Problem requirements: In the entries that follow, find the line containing "Still barely able" and the line containing "Transform your bedroom", then retype exactly the lines from the first through the second, pictures excluded.

Materials provided:
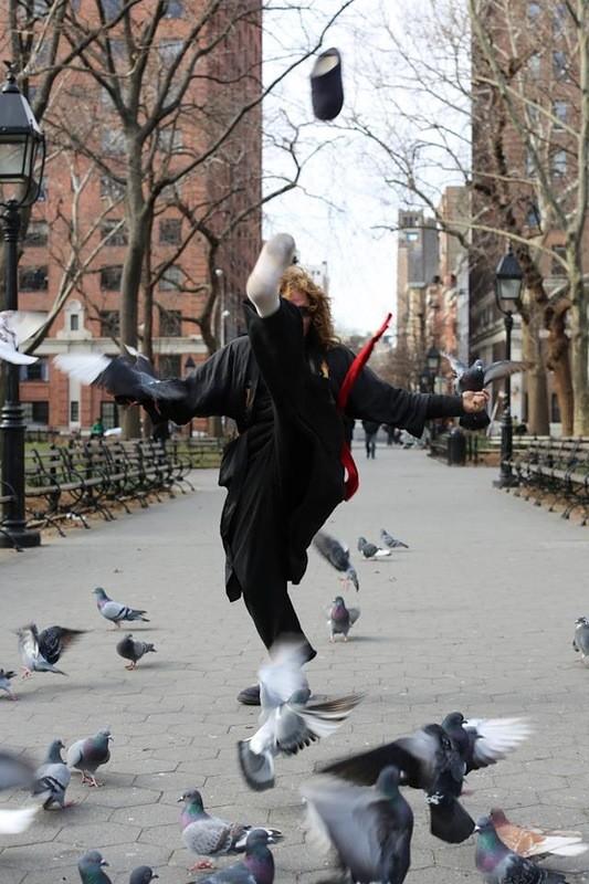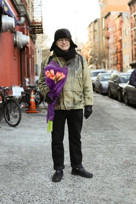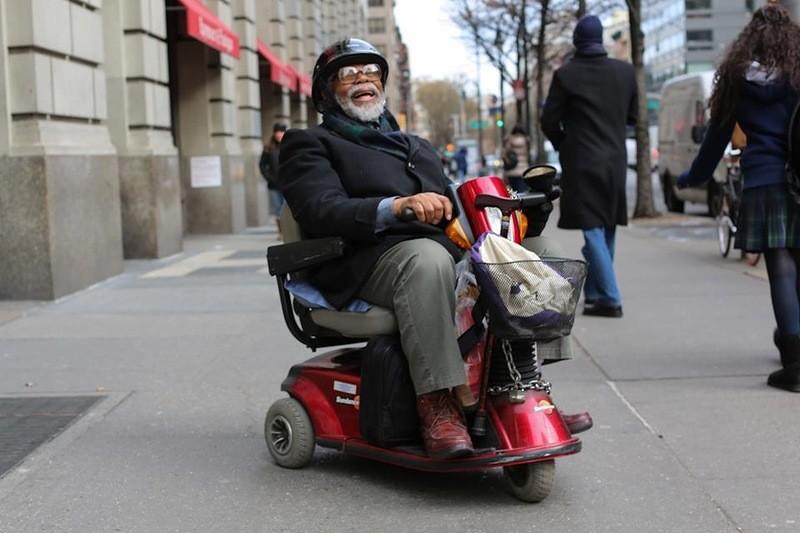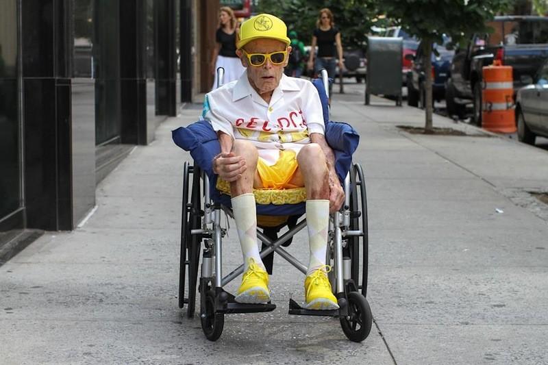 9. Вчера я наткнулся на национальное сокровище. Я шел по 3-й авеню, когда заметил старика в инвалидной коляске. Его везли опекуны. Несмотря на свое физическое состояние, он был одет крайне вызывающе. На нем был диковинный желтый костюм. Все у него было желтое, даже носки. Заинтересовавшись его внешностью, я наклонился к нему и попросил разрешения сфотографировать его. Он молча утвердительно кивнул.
---
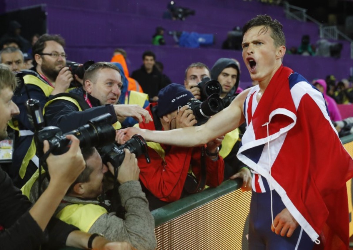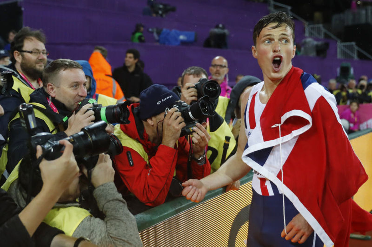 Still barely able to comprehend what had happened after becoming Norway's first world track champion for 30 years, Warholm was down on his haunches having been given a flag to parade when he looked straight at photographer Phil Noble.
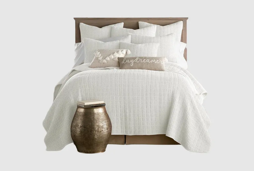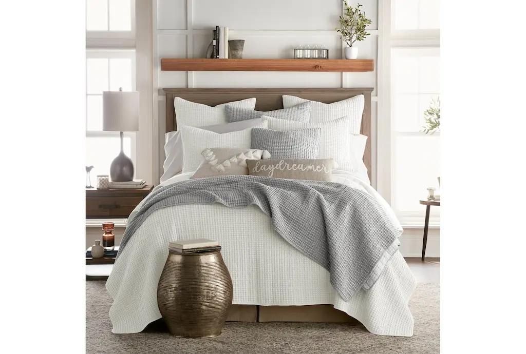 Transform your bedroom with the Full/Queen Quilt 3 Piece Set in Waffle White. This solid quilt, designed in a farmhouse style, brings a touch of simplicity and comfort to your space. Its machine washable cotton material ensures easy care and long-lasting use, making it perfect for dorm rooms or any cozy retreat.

Finished exercise:
 Still barely able to comprehend what had happened after becoming Norway's first world track champion for 30 years, Warholm was down on his haunches having been given a flag to parade when he looked straight at photographer Phil Noble.
 Transform your bedroom with the Full/Queen Quilt 3 Piece Set in Waffle White. This solid quilt, designed in a farmhouse style, brings a touch of simplicity and comfort to your space. Its machine washable cotton material ensures easy care and long-lasting use, making it perfect for dorm rooms or any cozy retreat.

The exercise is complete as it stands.